Plausibility: To assess plausibility, metrics for both discrete and soft selection were employed. Specifically, the Intersection-Over-Union (IOU) F1-score and token F1-score for the discrete case were reported, along with the Area Under the Precision-Recall curve (AUPRC) score for soft token selection [45]. The IOU metric was utilized for credit assignment in cases of partial matches. This metric, defined at the token-level, measures the overlap between two spans divided by the size of their union [45]. A prediction was considered a match if the overlap with any ground truth rationale exceeded 0.5. These partial matches were used to compute the IOU F1-score. Token-level precision and recall were also calculated, and these were used to derive token-level F1 scores (token F1). Additionally, to assess the plausibility of soft token scoring, the AUPRC was reported by sweeping a threshold over the token scores;
2.
Faithfulness: To assess faithfulness, two metrics were reported: comprehensiveness and sufficiency [45].
-
Comprehensiveness: This metric evaluates the extent to which the model’s predictions are affected by the removal of predicted rationales. For each post $x_{i}$ , a contrast example ${\tilde{x}}_{i}$ was created by removing the predicted rationales $r_{i}$ from $x_{i}$ . Let $m {(x_{i})}_{j}$ be the original prediction probability provided by a model m for the predicted class j. Then, $m {(x_{i} ∣ r_{i})}_{j}$ represents the predicted probability of ${\tilde{x}}_{i}$ (i.e., $x_{i}$ without $r_{i}$ ) by the model m for class j. Comprehensiveness was computed as $m {(x_{i})}_{j} - m {(x_{i} ∣ r_{i})}_{j}$ . A higher value of comprehensiveness suggested that the rationales significantly influenced the prediction;
-
Sufficiency: This metric measures the adequacy of the extracted rationales for the model to make a prediction. Sufficiency was calculated as $m {(x_{i})}_{j} - m {(r_{i})}_{j}$ , where $m {(r_{i})}_{j}$ represents the predicted probability of the rationales $r_{i}$ by the model m for class j.

5. Results

In this section, the performance and explainability score of the BERT model for both the baseline and new method is shown. The tokens for the explainability calculation were chosen using the LIME method. Rationales were comprised of the top five tokens, consistent with the baseline methodology, reflecting the average length of annotation spans in the dataset.

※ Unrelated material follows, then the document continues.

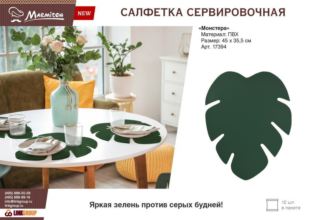 Салфетка сервировочная Marmiton Геометрия Монстера ПВХ 45x355 см зеленая

Table 2 presents the outcomes derived from both the the baseline and proposed method. The proposed method was employed on the newly constructed proposed dataset, while the baseline approach was implemented on the HateXplain dataset [13] section of the proposed dataset. The performance metrics show an increase of 0.01 in the macro F1 score, 0.186 in the AUROC, and a slight increase in accuracy. In the explainability metrics, a significant increase was observed in two metrics (token F1 and AUPRC), from plausibility and on sufficiency from faithfulness. There is an increase of 0.04 in the token F1 and 0.17 in AUPRC. For sufficiency, it is understood that a lower value signifies better sufficiency, and a decrease of 0.08 was observed.

6. Discussion

The main results are reported in Table 2.

Performance: The results indicate a gradual enhancement in the performance metrics, with the macro F1 score exhibiting a marginal increment of 0.01 alongside improvements in other metrics when utilizing the proposed method in combination with sarcasm rationale. Figure 7 provides a detailed breakdown of the performance results via a confusion matrix.

Performance metrics from the confusion matrix are illustrated in Figure 7a,b for both the baseline and the proposed method using True Positives (TP), False Positives (FP), False Negatives (FN), and True Negatives (TN) for each class.

Baseline Performance Metrics Calculation

Precision:

\begin{matrix} For hatespeech : P = 0.796 \\ For offensive : P = 0.533 \\ For normal : P = 0.811 \end{matrix}

Recall:

\begin{matrix} For hatespeech : R = 0.796 \\ For offensive : R = 0.480 \\ For normal : R = 0.795 \end{matrix}

F1-Score:

\begin{matrix} For hatespeech : F 1 = 0.796 \\ For offensive : F 1 = 0.506 \\ For normal F 1 = 0.803 \end{matrix}

Proposed Method Performance Metrics Calculation

Precision:

\begin{matrix} For hatespeech : P = 0.815 \\ For offensive : P = 0.520 \\ For normal : P = 0.814 \end{matrix}

Recall:

\begin{matrix} For hatespeech : R = 0.778 \\ For offensive : R = 0.500 \\ For normal : R = 0.781 \end{matrix}

F1-Score:

\begin{matrix} For hatespeech : F 1 = 0.796 \\ For offensive : F 1 = 0.510 \\ For normal : F 1 = 0.797 \end{matrix}

The performance metrics from both the baseline and proposed method revealed a comparison in their effectiveness. The proposed method demonstrated improvements in precision for the hate speech and normal speech categories compared to the baseline. However, there was a slight decrease in precision for offensive language classification. The recall for all categories remained relatively similar between the baseline and proposed methods. Overall, the F1-scores for the hate speech and normal speech categories remained consistent, while there was a slight increase in the F1-score for offensive language classification with the proposed method.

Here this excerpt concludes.